Renting property to others can be a very profitable business. But if you are a landlord, you have to be extra careful about filing your taxes properly in order to take advantage of the many tax deductions available. These deductions can sometimes mean the difference between earning profits and losing money.
The first step in getting your taxes in order is to be meticulous about tracking and organizing your receipts through the year. That way, when tax season rolls around you will have a clear sense of exactly what your income and expenses were throughout the year. Here are some common tax deductions and tips to help you get the most out of your taxes this year.
Claim Your Home Office
If you run your business from home, don’t be shy about writing off home office expenses on your taxes. You have to record expenses and manage your rental activities from somewhere. If you have devoted a room in your house to your operations as a landlord then you can take the measurements of the office space and deduct the resulting percentage of the rent or house expenses against your rental profits. The IRS often flags home office deductions, so be sure to submit accurate numbers. Visit their site for more information on this.
Repairs vs. Improvements
Renting a property means you are responsible for taking care of issues and handling repairs throughout the year. A repair is basically anything that is necessary to put the property back into the condition it was in before. You can deduct this entire expense from your taxes.
An improvement, on the other hand, is something that increases the value of the property. This can be things like installing a new toilet, renovating the kitchen or putting a new roof on a house. These expenses have to be capitalized and taken out of your taxes over a number of years using depreciation. The IRS website has more information on how to calculate depreciation.
If you use your own vehicle to get back and forth to your properties, run errands for the business, or pick up rent checks, you may be able to deduct business-related car maintenance.
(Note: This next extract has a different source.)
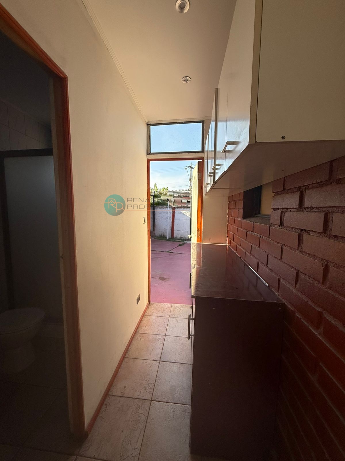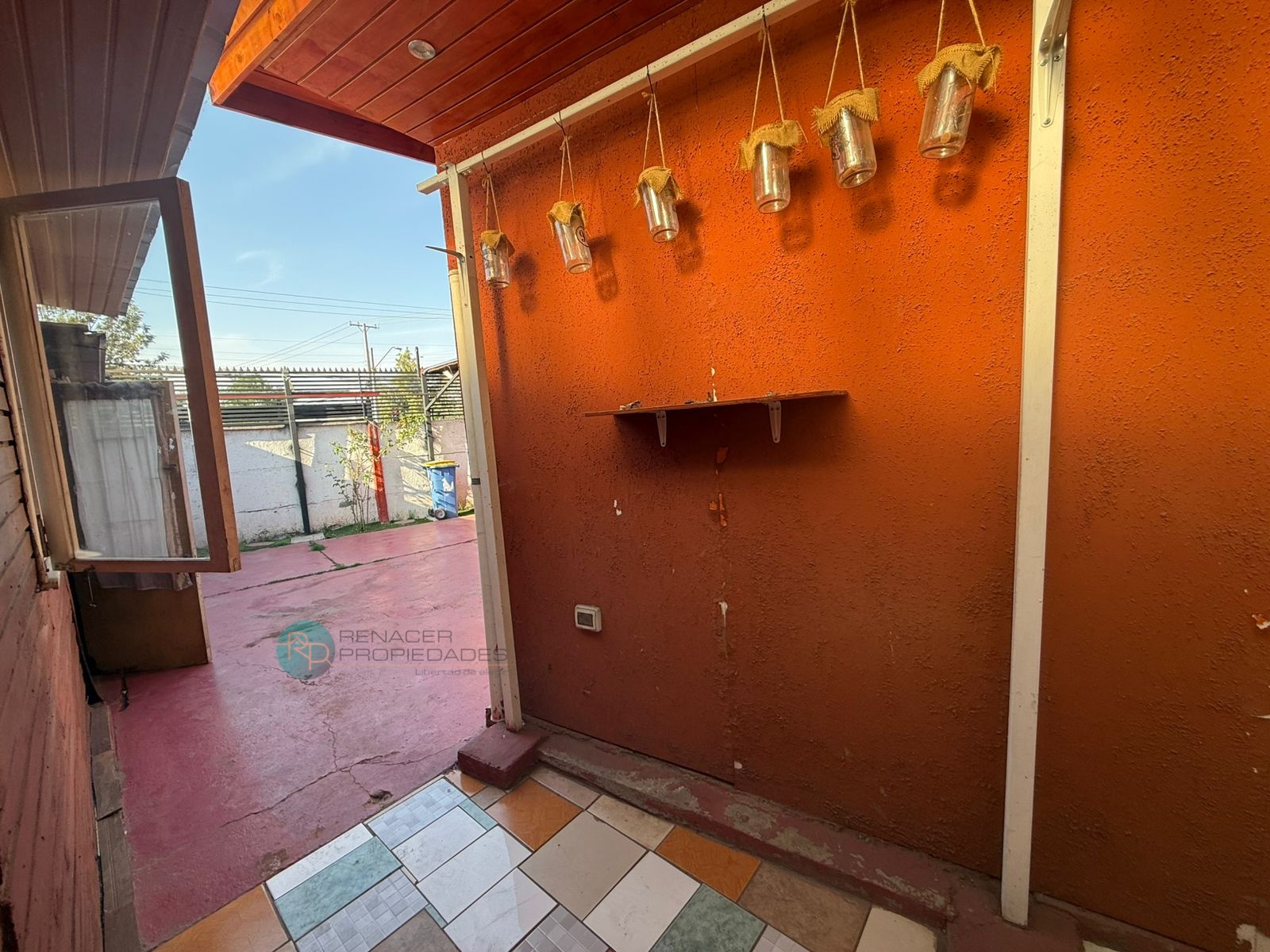 Gran cobertizo techado en patio posterior: perfecto para quinchos, reuniones o para ampliar el área útil de tu negocio. Agradable antejardín con cerámica, de fácil mantención.
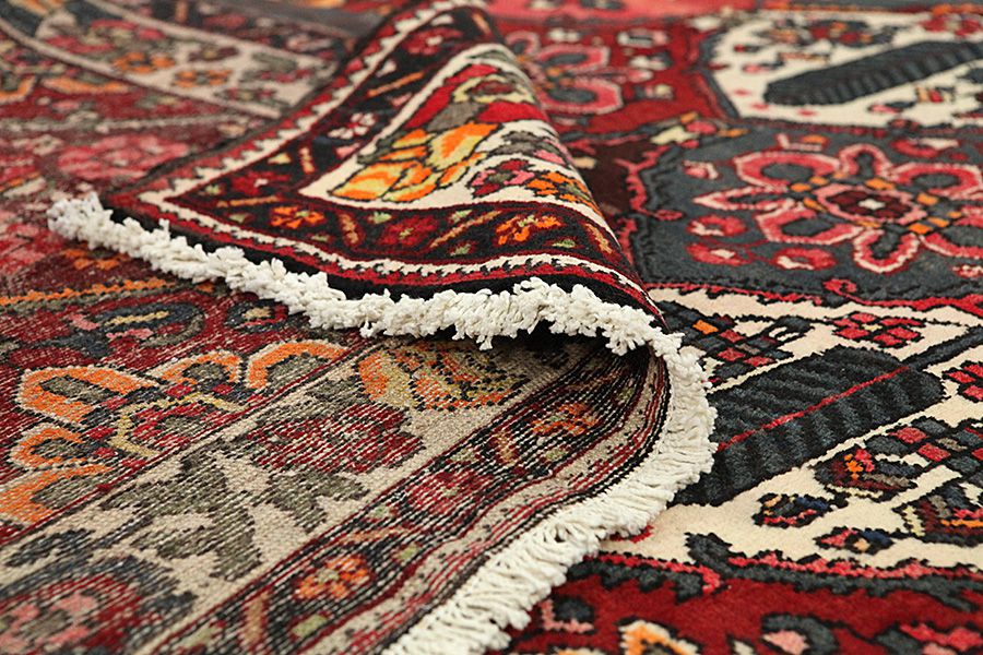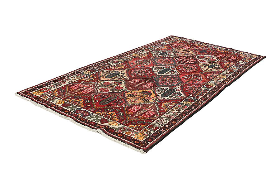 Bakhtiari Carpets : In the mountains Zagros, west of the city of Isfahan, around the town of Shahr-e-Kurd, live the nomads Bakhtiar. Their carpets are known for the design with various repeating squares in which flowers and animals are depicted. For this reason the design is called "garden"(Khesti). Their carpets are very durable with a dense weave and very good quality Persian wool coming from sheep grazing at a high altitude. The best Bakhtiar rugs and carpets with highest knot density are often called Bibibaff. Also in many designs we see influences from Isfahan carpets. (Boldaji - Feridan - Saman).

Figure out what percentage of your mileage was used for your business and then apply that to your total car expenses for the year.
If you hire a lawyer for business reasons, such as evictions or reviewing contracts, you can deduct your legal fees. You can also deduct the expense of using an accountant if your income includes revenues from your rental properties.
If you have a property manager or other employees, you can deduct their wages as a business expense. This applies to independent contractors as well, such as plumbers or repair persons.
In addition to claiming repairs and improvements made to your property, you can also deduct expenses for any regular maintenance that is necessary. For instance, if you hire someone to mow the lawn or trim tree branches at your property, you can deduct that cost. The same applies to pest control workers, pool cleaners, etc.
When it's time to file your taxes, make sure you are deducting everything related to running your property in order to ensure that you get the best tax breaks. Visit the IRS website or consult a tax professional if you have any questions about your tax status this year.